Defender of the Faith: Bishop Stika Responds to Distribution of Anti-Catholic Tracts
''The leaflets produced by Chick Publications are hateful, discriminatory, and full of prejudice and bigotry.'
Bishop Richard F. Stika of the Diocese of Knoxville, Defender of the Faith.
KNOXVILLE, TN. (Catholic Online) - In March of 2009 the faithful of Knoxville received a special gift, Bishop Richard Stika. Beloved by the faithful, we understand that this wonderful Bishop has had to deal with a lot since he responded to the invitation of the Holy Spirit working through the Church.
As a Bishop in the South, that includes having to face the anti-Catholic hostility of some Christians who not only are terribly misinformed about the Catholic Christian faith but actually participate in promoting virulently Anti-Catholic literature. There are few examples worse than the notorious "Jack Chick" tracts. One of the worst is the horrid anti-Catholic tract entitled "The Death Cookie" which denigrates the most Holy Eucharist, calling it a "death cookie". It is sacrilegious, blasphemous and disgusting!
These hateful and virulently Anti-Catholic "tracts" were being distributed in this Bishop's Diocese. They were disturbing the faithful and misinforming those Christians of other communities who are called to find the fullness of Christian faith in the full communion of the Catholic Church. They were also also causing a controversy among the faithful.
So, what did this Bishop do? He did not sit idly by. He did not delegate the task to a member of his staff. Rather, he defended the Catholic Faith handed down to us from the Apostles. In so doing he demonstrated both his skill as a Catholic apologist and his courage as Bishop. He is indeed a successor of the Apostles in this new missionary age.
As someone who has spent over three decades in authentic ecumenical work, experiencing both the fulfillment and the struggle, I know the challenge very well. I also know how important it is for Bishops like this one to show us how to respond to this kind of attack against our beloved Catholic faith while remembering that "to those to whom much is given, much will be required."

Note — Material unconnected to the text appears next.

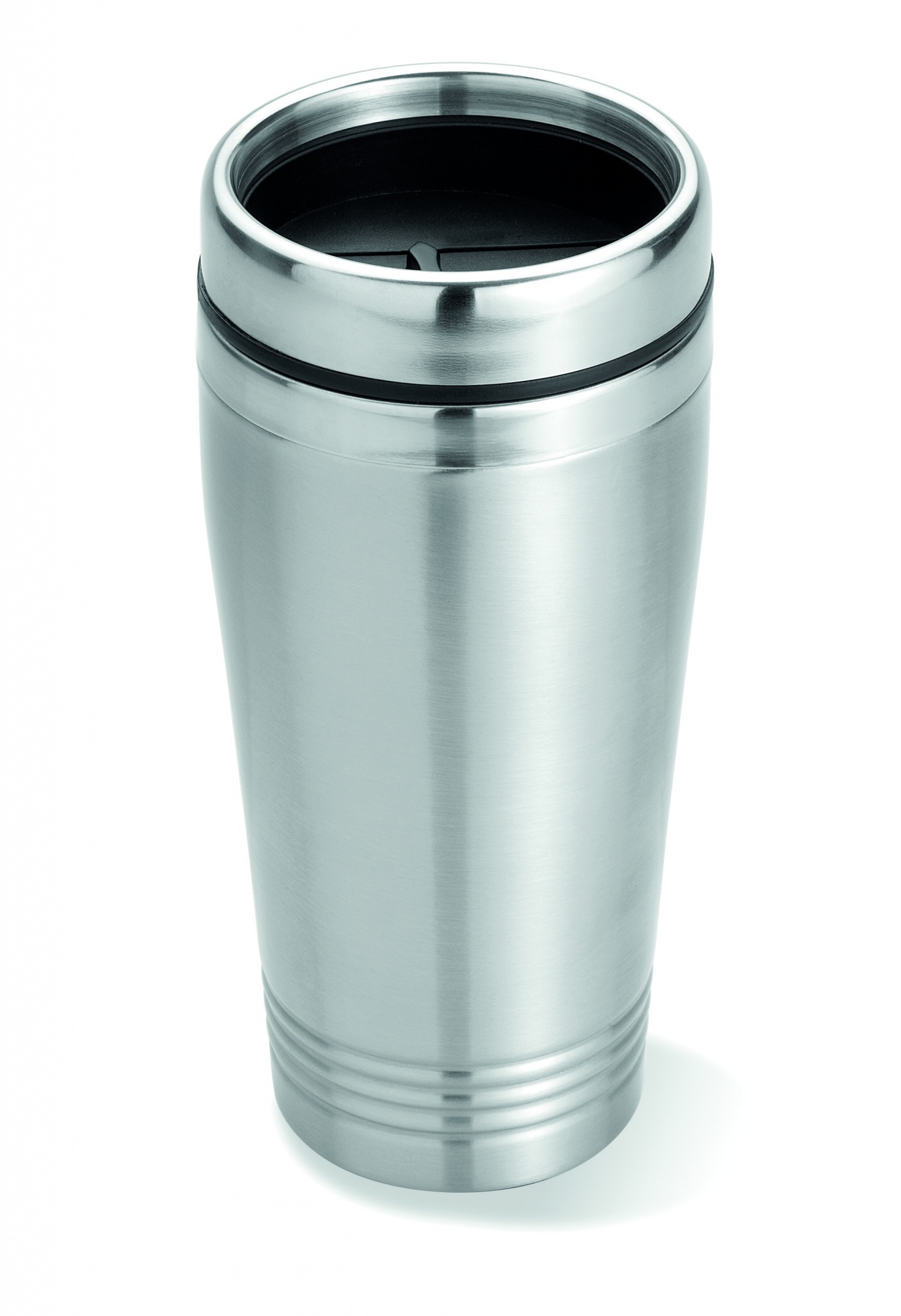 Термокружка с двойными стенками из нержавеющей стали с пластиковой крышкой.

We present the statement of this good Bishop as a model for how we are all called to defend the Catholic faith against attack while using every opportunity to instruct those who are misinformed...and even reach out to those who are Anti-Catholic. We also commend this good Bishop for showing us all the way. That is what it means to be a true teacher of the faithful and a Catholic Bishop.
Bishop Stika responds to distribution of anti-Catholic tracts
KNOXVILLE- Bishop Richard F. Stika of the Diocese of Knoxville has made the following statement in response to the recently publicized distribution of anti-Catholic tracts in Pigeon Forge:
"The Roman Catholic Diocese of Knoxville includes 47 parishes and 36 counties in East Tennessee, including Holy Cross Parish in Pigeon Forge. As bishop of the Diocese of Knoxville, I wish first to state my deep respect and love for my Protestant brothers and sisters, with whom we acknowledge and worship but one Lord and Savior, Jesus Christ-and for all the members of other faiths, with whom we also share certain foundational beliefs.

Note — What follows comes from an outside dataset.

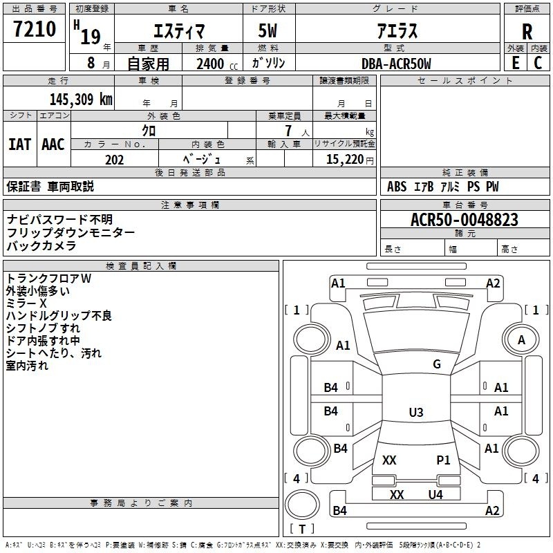 TOYOTA ESTIMA - лот 7210

I also wish to acknowledge the many Christian denominations, including the many Baptist churches in East Tennessee, with whom we pray and work in solidarity, according to the truths of the Gospel, in order to promote a culture of life. This culture of life is based on a Christian anthropology that recognizes man and woman as images of God, an essential truth for the formation of a correct vision of society. I am thinking also of our shared efforts in promoting and protecting the sanctity and dignity of every person in the womb and of the holy institution of marriage and the family as our Heavenly Creator designed them to be.
At this moment, however, I am greatly saddened by the reprehensible acts of prejudice and hatred of a few souls who, out of ignorance of Catholic teachings, have promoted the distribution of anti-Catholic tracts. These tracts contain outright lies and blatant exaggerations.
The rationale one Baptist pastor gave in support of distributing these reprehensible, discriminatory, and bigoted tracts was that he was trying to point out the primary difference his church has with Catholics: the belief that a person does not and cannot work his or her way to salvation. Unfortunately, this pastor does not have a correct understanding of what the Catholic faith teaches in this regard-and he even admitted as much.
In Catholic theology, the term justification means the cleansing of a personīs sin and the communication - by grace - of "the righteousness of God through faith in Jesus Christ" (Romans 3:22) through baptism. Additionally, Catholics take very seriously the Sacred Scripture, "Ye see then how that by works a man is justified, and not by faith only" ( James 2:24).